Dataset content =>
- Opening Delimiter -

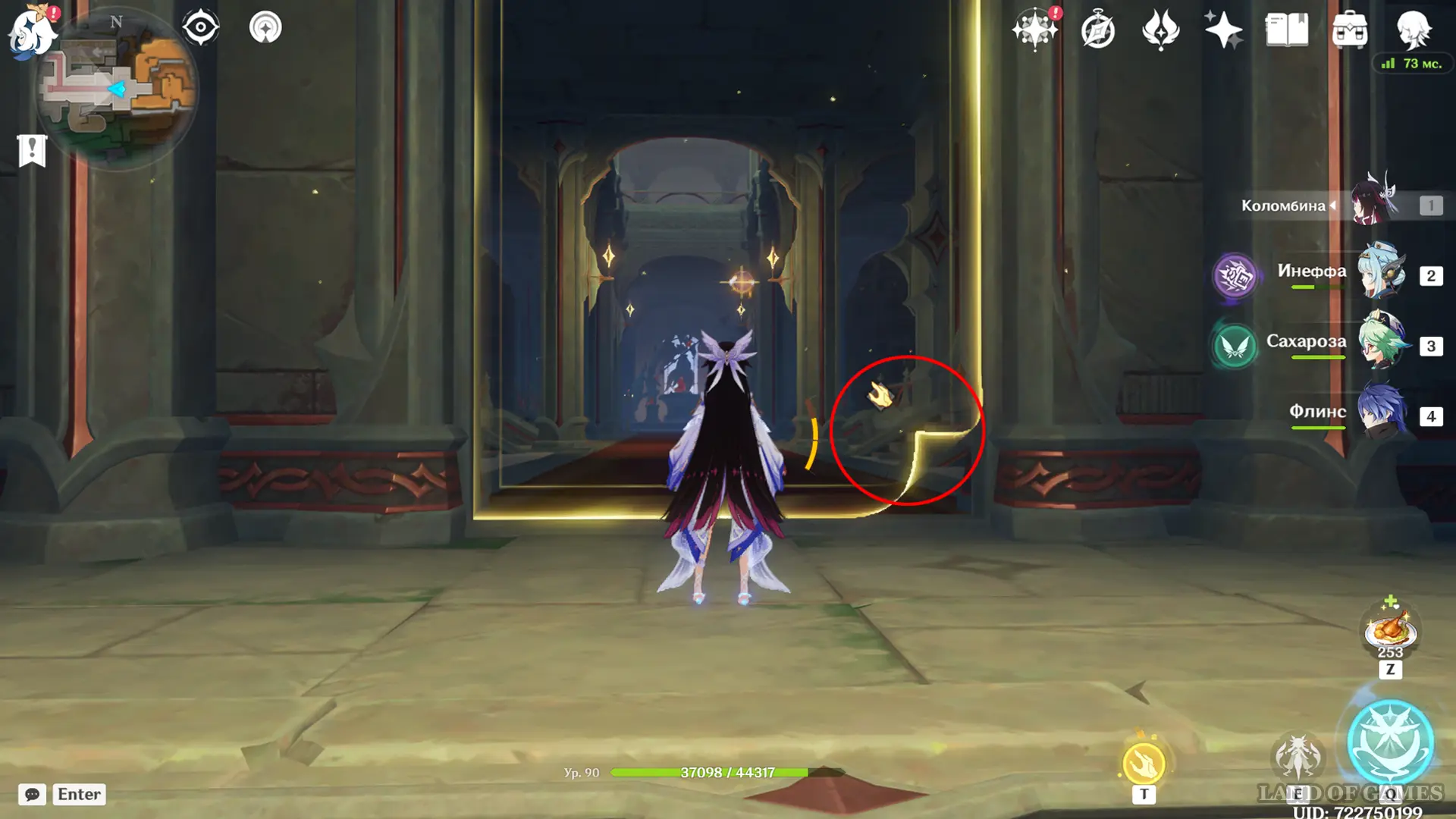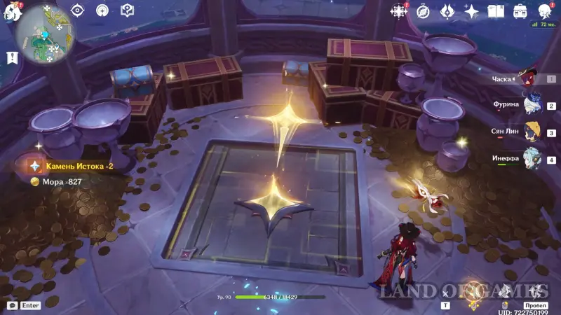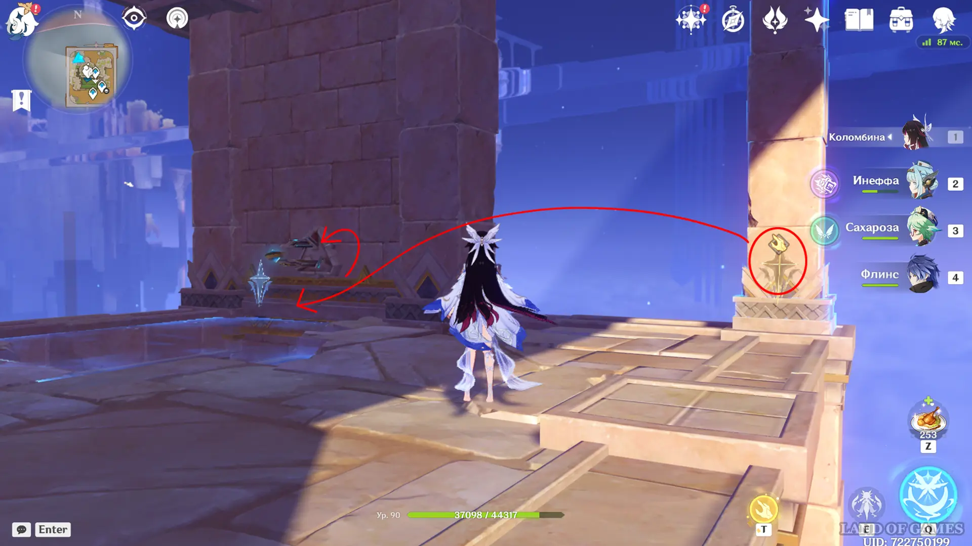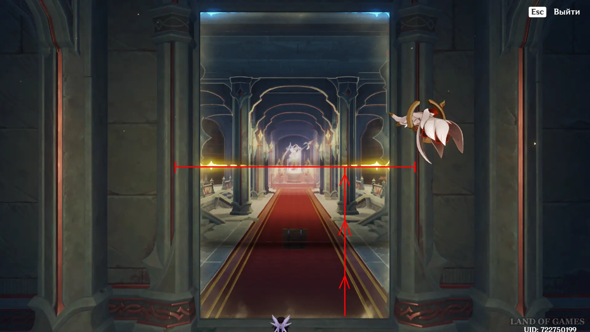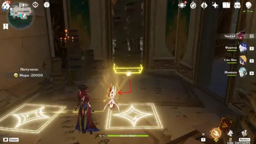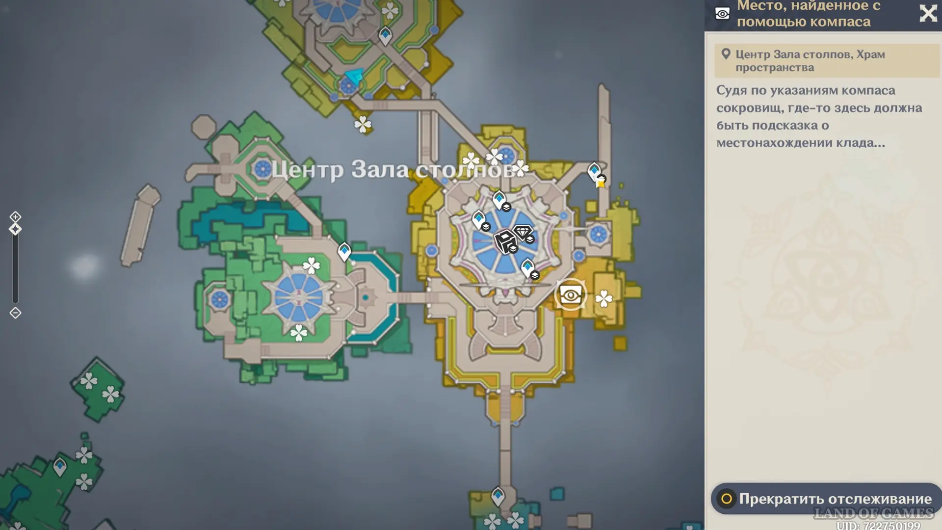 Решение головоломки с метателем и стендами под восточным островом в Центре Зала столпов, за которую полагаются два богатых и один драгоценный сундук, мы разобрали отдельно (см. пункт про 8-й сундук в Храме пространства).
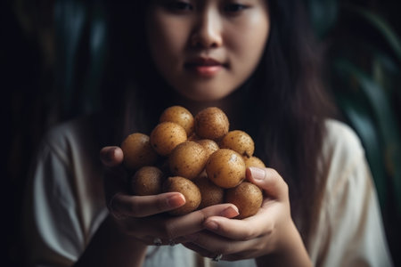 Portrait of a young woman with a longan fruit in hand, highlighting its unique texture and sweet flavor
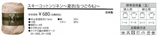 在庫限り スキー毛糸 コットンリネン 夏衣 なつごろも 【KN】 2K サマーヤーン ・ 毛糸 編み物
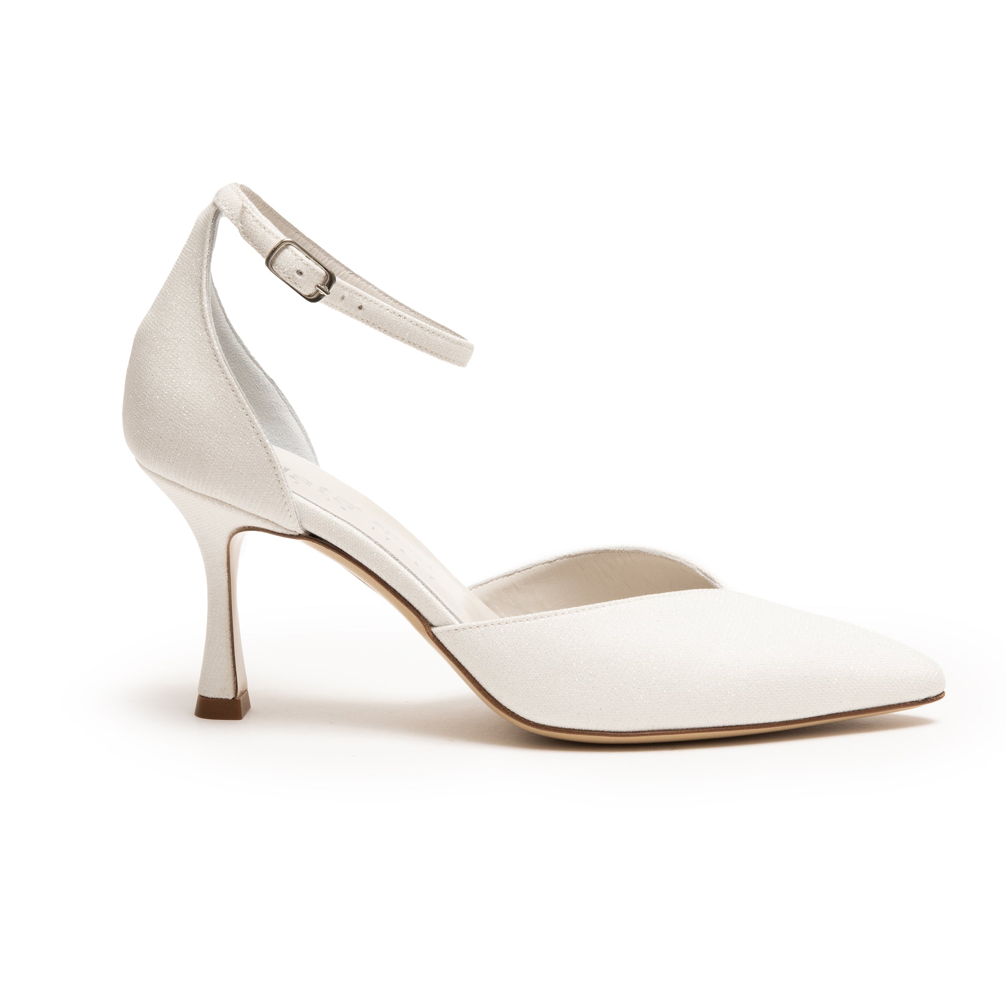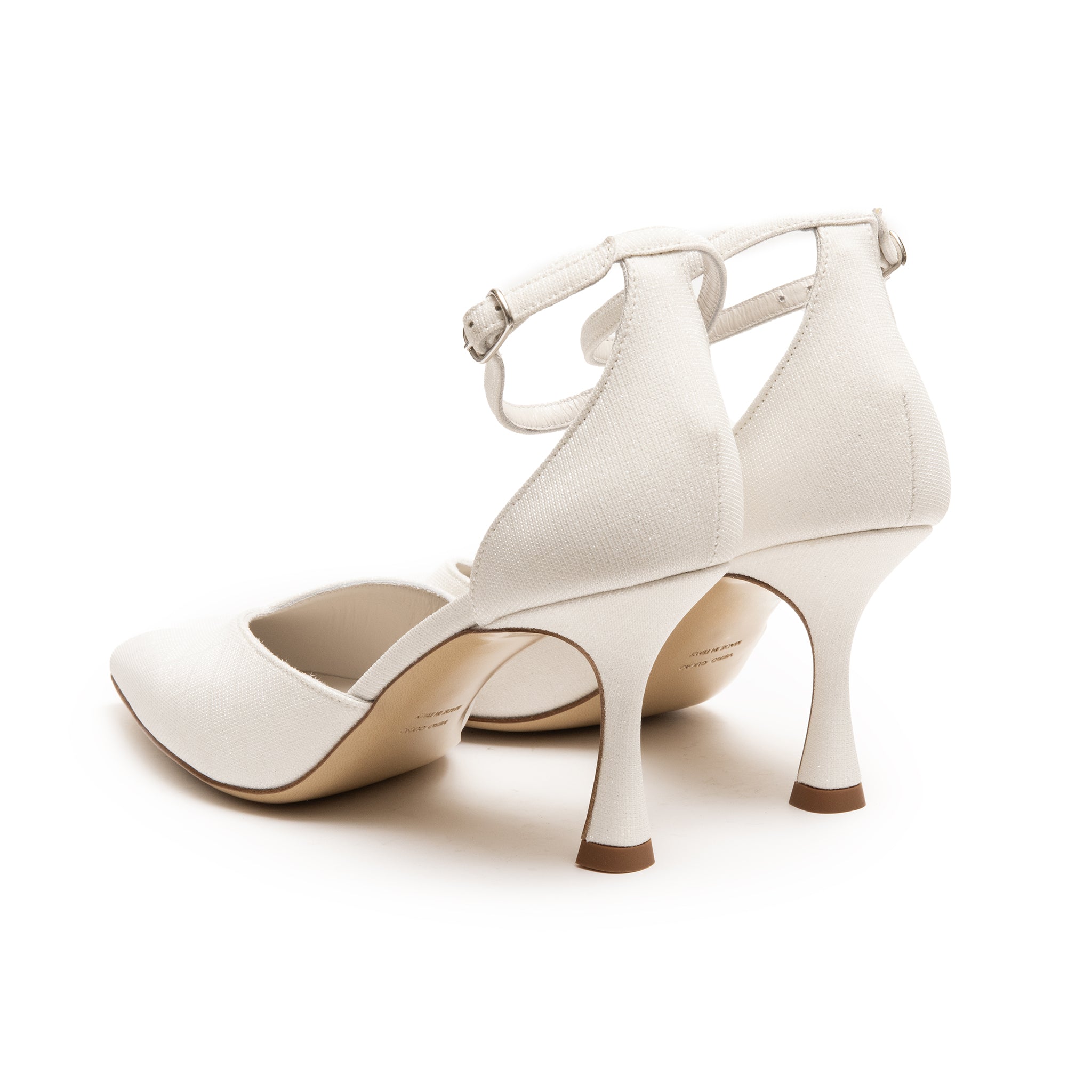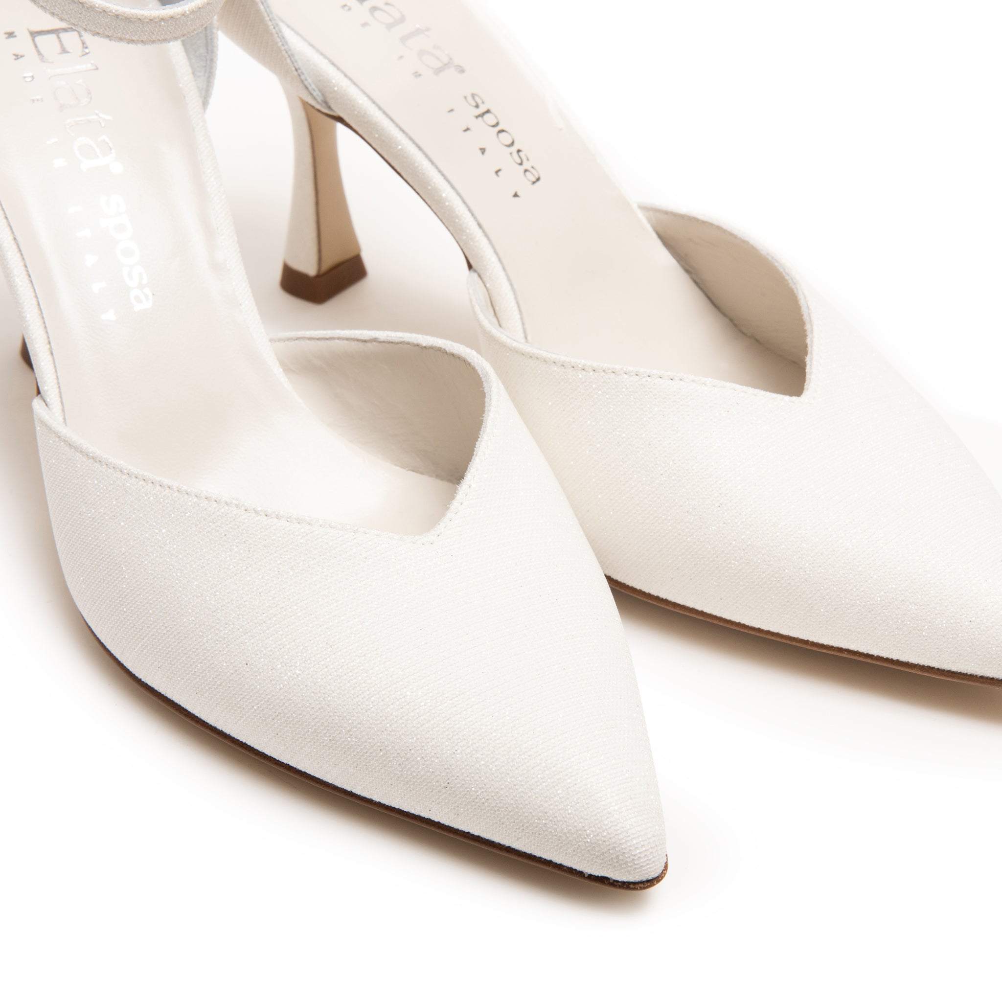 Decolleté in tessuto laminato bianco con un delicato effetto "brillantini", che dona alla scarpa un tocco di eleganza e luminosità.

- Closing Delimiter -

Task prompt =>
With the pictures removed, set down the entire listing exactly.

Result of this exercise =>
 Решение головоломки с метателем и стендами под восточным островом в Центре Зала столпов, за которую полагаются два богатых и один драгоценный сундук, мы разобрали отдельно (см. пункт про 8-й сундук в Храме пространства).
 Portrait of a young woman with a longan fruit in hand, highlighting its unique texture and sweet flavor
 在庫限り スキー毛糸 コットンリネン 夏衣 なつごろも 【KN】 2K サマーヤーン ・ 毛糸 編み物
 Decolleté in tessuto laminato bianco con un delicato effetto "brillantini", che dona alla scarpa un tocco di eleganza e luminosità.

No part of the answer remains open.